= Nazarene Missionaries =

Category of missionaries

Nazarene Missionaries are missionaries trained and supported by the Church of the Nazarene. There are currently 737 missionaries. Missionaries are sent around the world as a means for evangelism and church development. The Nazarene missionary is a member of the clergy or a layperson who has been appointed by the General Board to work a ministerial position through the World Mission Department/Evangelism Committee or through the USA/Canada Mission/Evangelism Committee.

== Activities ==
Nazarene missionaries minister in more than 156 world areas and are deployed from 40 world areas.

== LINKS ==
Nazarene missionaries are assigned to districts, and then on the district level the missionaries are assigned to a local church. Each local church has an opportunity to become personally acquainted with the missionary family assigned to their church through a program called LINKS (Loving Interested Nazarenes Knowing and Sharing).

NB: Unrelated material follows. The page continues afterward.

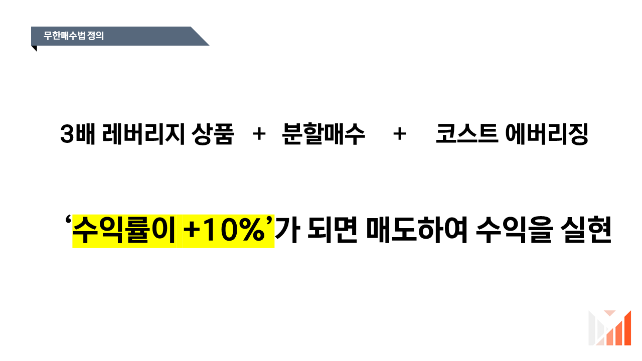 분할매수와 코스트 레버리징을 통해 평균단가를 낮춰주다 변동성에 의해 상승하는 시기에 매도하여 이익을 실현합니다. 즉 무한매수는 장기투자가 아닌 변동성을 이용한 단기투자 방법이죠.
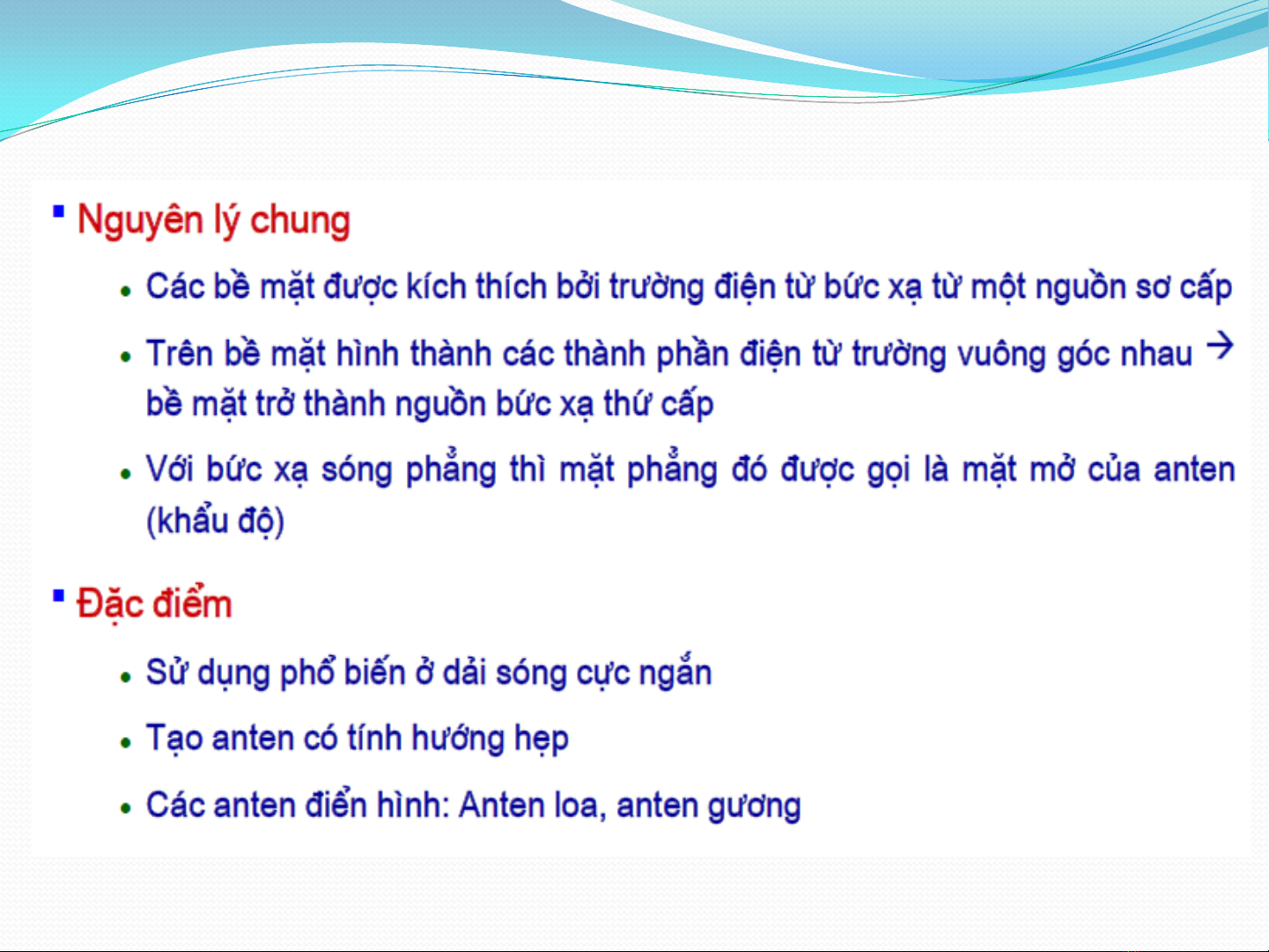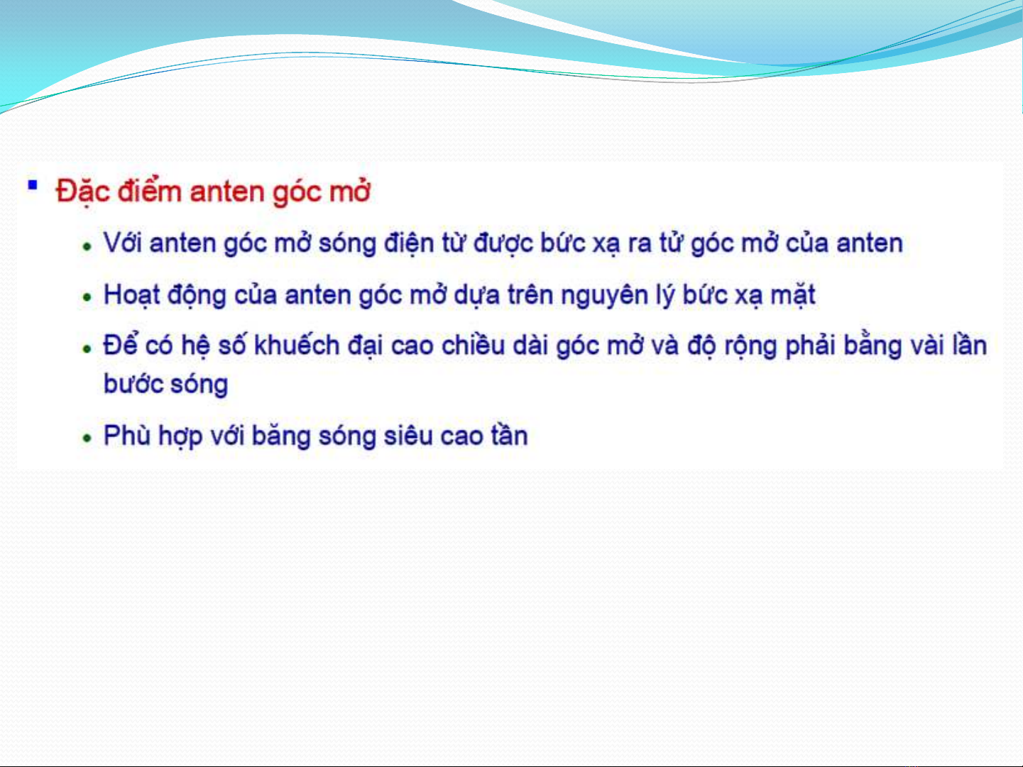 Bài giảng Kỹ thuật anten và truyền sóng: Chương 7 Anten góc mở cung cấp cho người học những kiến thức như: Giới thiệu; Nguyên lý bức xạ; Anten loa; Anten gương; Anten vi dải. Mời các bạn cùng tham khảo!

The LINKS program connects missionaries with Nazarenes around the world. Churches send care packages, cash, and other gifts to their LINKS missionaries.

== Finances ==
It takes a lot of support to keep missionaries on the mission field. Donations made to a missionary help in many areas; ministry assignment, language school, child education, medical plan, daily living expenses, etc. The World Mission Department is the major support system for missionaries in the Church of the Nazarene. The World Mission Department has developed various ways to support missionaries serving on the mission field.